The Apples of Discord: A Section 230 Parable

The following is a work of satire. Any resemblance to actual events, businesses, locales, or persons, living or dead, is purely coincidental.

By: William Crumpler

In the country of Zembla, a man named Mark Appleberg discovered the secret to the world’s most delicious apples. Not only did these apples taste better than any other fruit, they could also be grown in a lab in massive quantities, and for just pennies on the dollar. Not content with merely selling these apples to local grocers, Mr. Appleberg instead built an entire infrastructure of pneumatic tubes across Zembla that ran to each and every house. Every home had a big red button installed in the kitchen, and whenever someone pressed it, an apple would emerge. The apples were completely free, and people could press the button as many times as they liked. Because the apples were so cheap to produce, Mr. Appleberg realized that he would make less money selling them outright than he would if he let local companies pay for the opportunity to come into the apple distribution centers and slot some fliers for their business into the tubes alongside the apples.  

The response was overwhelming. Everybody loved AppleTubetm, and soon daily apple consumption surged. Though the flyers were sometimes annoying, people liked the apples too much to really care, and local businesses found they were getting more customers than ever. AppleTube, for its part, was making money hand over fist. Soon, though, cracks began to form. First came the teeth. Part of what made the apples so delicious was that they were packed with sugar.

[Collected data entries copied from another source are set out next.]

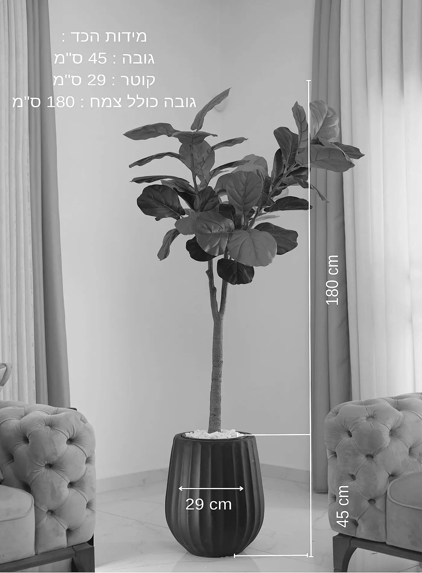 כד מדגם ELEGANCE מעוצב עם פסים עדינים, שמוסיפים מגע של אלגנטיות לכל חלל. הדגם מגיע בשלושה צבעים אלגנטיים: לבן, שחור ואפור, שמתאימים לכל עיצוב פנים. הפסים הדקים נותנים לכדים מראה מודרני ומרשים, בעוד שהגימור האיכותי מבטיח תחושת יוקרה וסטייל. הכד כולל צמח פיקוס כינורי מלאכותי, שמוסיף טבע ורעננות, ומביא את העיצוב לרמה גבוהה. כדים אלו הם הבחירה המושלמת לשדרוג הבית או המשרד, ומציעים מראה יוקרתי ותחזוקה קלה.
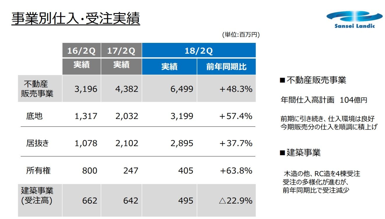 実際、相続税大増税による事業環境の良化を受けて、今期は前期に引き続きかつてないほどに仕入れが順調でその点でも大きな安心感があります。何故かというと、サンセイランディックには長年の経験とノウハウがあるので、仕入れた物件に関しては「ほぼ利益になる」からです。実際IRも 「仕入れに関しては一定の利益率を設定しており、それに基づいて買っている。」
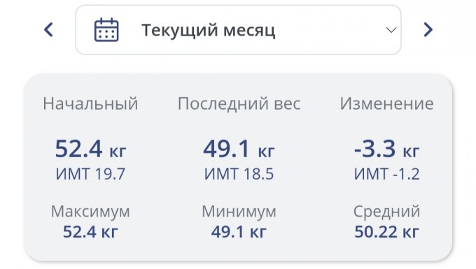 С третьей недели диета закончилась и я постепенно возвращалась к обычному рациону. Вес стал увеличиваться, прибавила потерянный ранее 1 кг, а потом вес встал, несмотря на постоянный дефицит калорий.
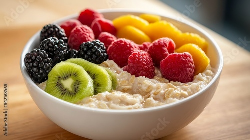 Nourishing morning meal featuring oatmeal enhanced with a medley of fresh fruits. [992] --ar 16:9 --v 6.1 Job ID: daa763e7-710e-4f5a-a59c-4ae4daefd80b
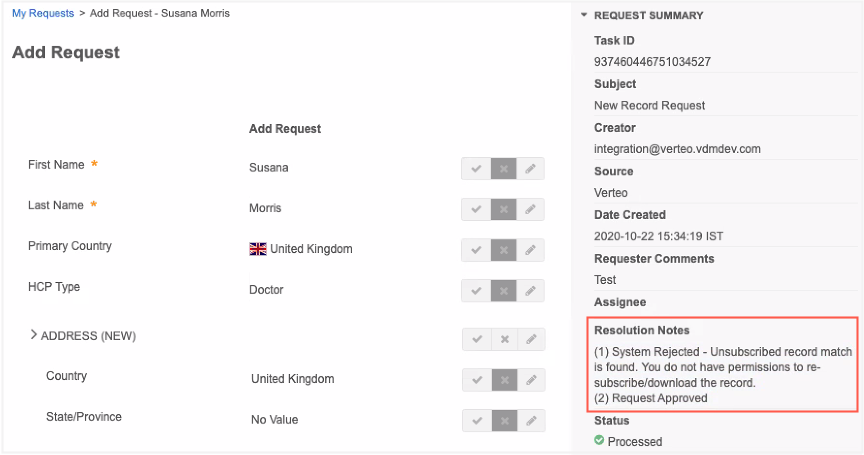 Users can view the resolution note to understand why the add request was rejected.
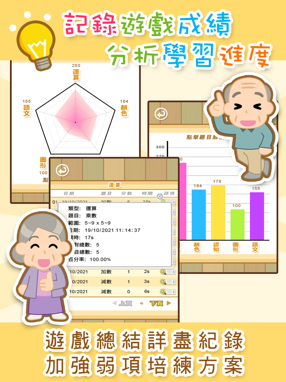 各個項目的成績均會詳盡紀錄,讓照顧者洞悉使用者的強弱項,藉此制定加強弱項的訓練方案。
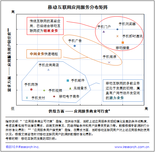 根據(jù)艾瑞咨詢近期發(fā)布的《2009-2010年中國移動互聯(lián)網(wǎng)行業(yè)發(fā)展報告》,移動互聯(lián)網(wǎng)各應用服務在“應用服務商業(yè)可行度”和“應用服務用戶接受度”兩個維度上被劃分為“明星業(yè)務”、“中間業(yè)務”和“潛力業(yè)務”三個類型。具備一定規(guī)模化發(fā)展市場條件,但還面臨若干限制因素的移動互聯(lián)網(wǎng)業(yè)務,將在未來逐步打開市場。
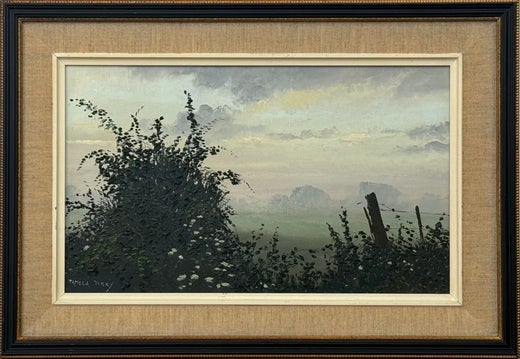 Gelassener ländlicher Morgen mit Wildblumen, rustikalem Zaun und weichem, nebligem Licht von der britischen Künstlerin des 20. Jahrhunderts, Pamela Derry (1932-2002)
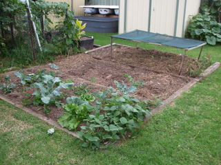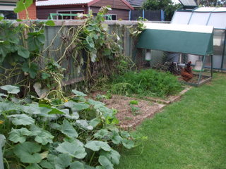 This is a moveable A-frame chook shed that has no bottom so when it is moved onto a newly harvested veggie bed they go berserk, wreaking havoc on the remaining pests (like snails) and weeds or past their prime veggies that remain in the plot. The tractor has the same footprint as most of the veggie beds. The chooks do enjoy their job, particularly when getting onto anew plot, they rip the living daylights out of it and reduce it to a desert (albeit a fertile one) by scratching up and digging in the remaining vegetation as well as manuring it. They spend two weeks on each plot and when they have finished it just remains to remove any root systems still in place, smooth out the surface, apply the mulch and replant when the seedlings become available. So they do all the hard work and on top of it all produce eggs, it works for me. We have had up to half a dozen chooks in the tractor but at the moment we have two Rhode Island reds and one Australorp, but we are currently breeding up some replacement layers.
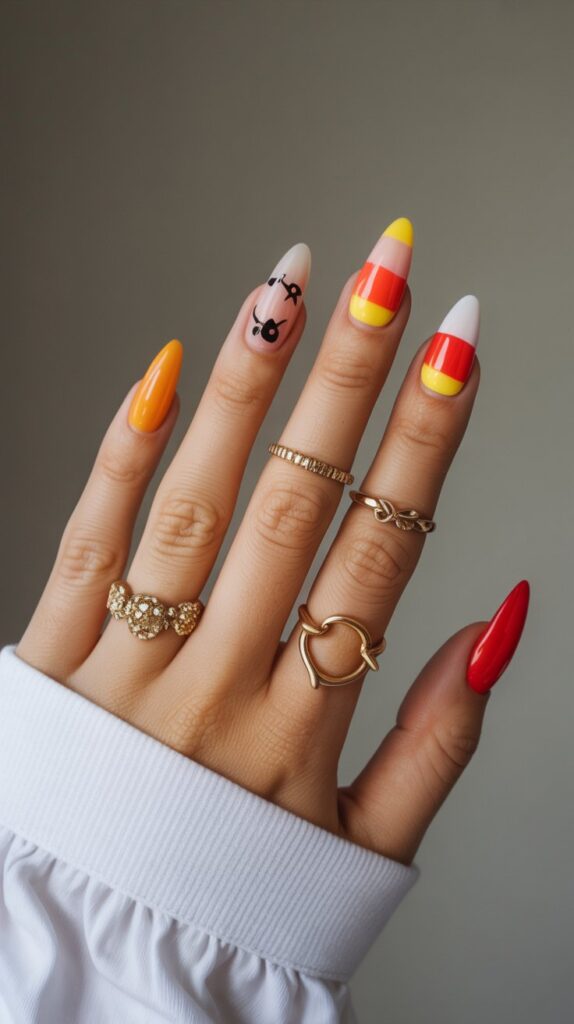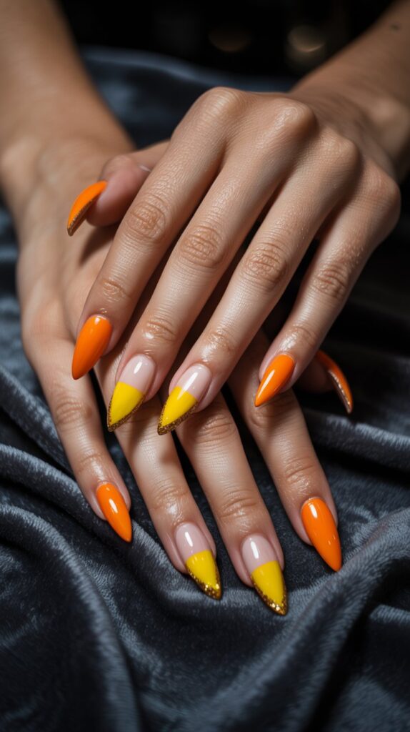 Love it or hate it, candy corn is a Halloween icon. And on nails? It’s surprisingly chic. This design uses a color block technique that is bold, fun, and incredibly festive.
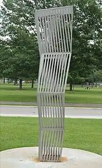 The South Tower is an abstract, frosted stainless steel aluminum rectangular sculpture.[4] Measuring 10 ft x 3 ft x 2 ft, the structure is vertically-louvered and is depicted as coming apart at the top.[3] The grate-like design of each section is carried through the sculpture creating a leaning, S-shaped structure.[5] Each section is composed of 11 straight bars of aluminum. Four bolts secure the artwork to the circular concrete base.[6] It is signed "Don Gummer 2008" on the front of the artwork, at the top of the bottom element.
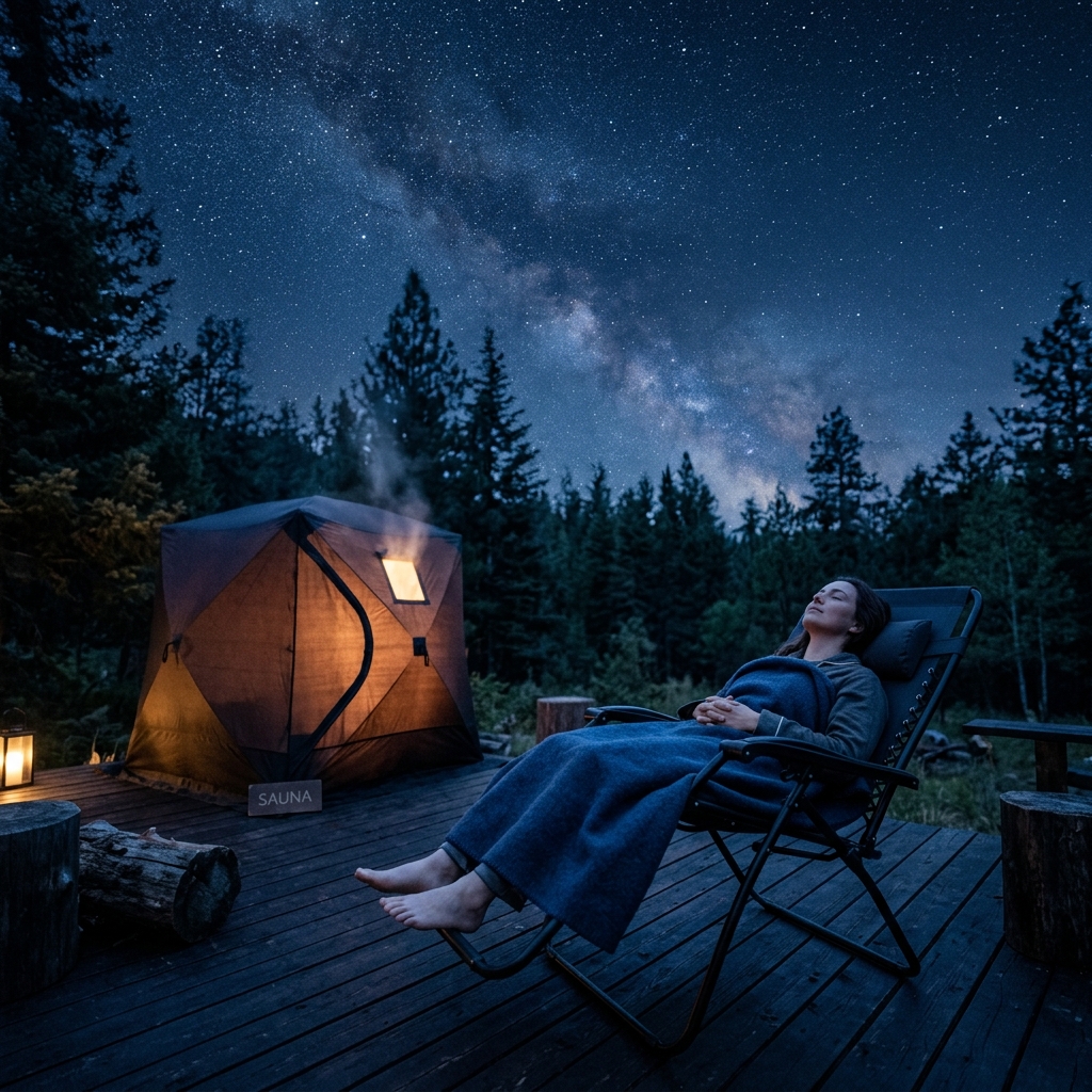 都会の喧騒を離れる必要はありません。ただおうちにテントサウナを準備するだけ。自分だけのプライベートな夜の儀式が、あなたの自律神経を、深淵なる安らぎへと確実に導きます。
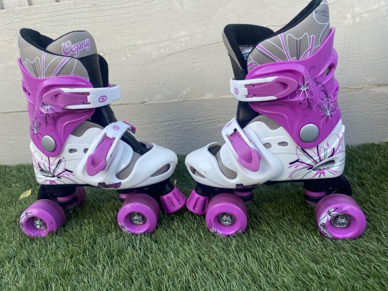Nearly new white & purple Ospray Roller Skates, adjustable size 10-12 (28-31)
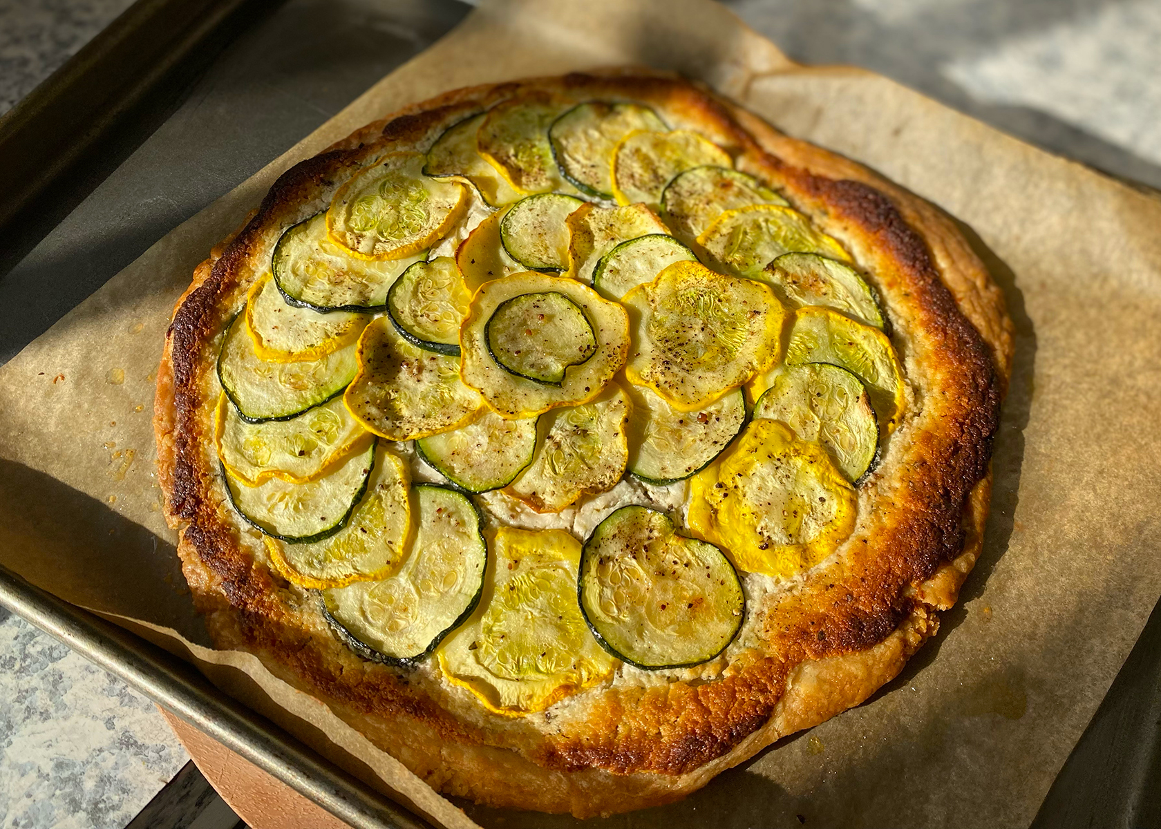 Roll the dough out on a floured bench to a 30cm circle that is evenly 0.5cm thick. Place pastry on a baking tray lined with baking paper. Spread the dough with the goat cheese mixture, leaving a 1cm border. Lay the zucchini/squash slices in tightly overlapping circles, starting at the very edge of the pastry (if you’ve got too many zucchini slices save them for a frittata or make a secondary ‘chef’s treat’ tart with the offcuts of pastry and zucchini). Drizzle the tart evenly with olive oil and season with pepper. Bake for 40 to 50 minutes, until the dough is golden brown.

Dental offices were soon filled with patients whose molars looked like swiss cheese. Doctors struggled to deal with the spike in diabetes cases. Things were particularly bad for the children, whose lack of self-control was leading not just to health problems, but also to a drop in test scores as students began binging AppleTube instead of doing their homework.

To make matters worse, traditional apple companies were in a state of panic as their business began to evaporate. They complained to their lawmakers, who held hearings about whether it was possible for companies dedicated to wholesome, healthy food products to survive in the age of AppleTube. In a gesture of goodwill, Mr. Appleberg reconfigured AppleTube to give people the option of switching to a different feed of apples, one that deliberately mixed in apples that were healthier, but less tasty. But, of course, almost no one used this feed, not even the people at the traditional apple companies (though they would never admit it).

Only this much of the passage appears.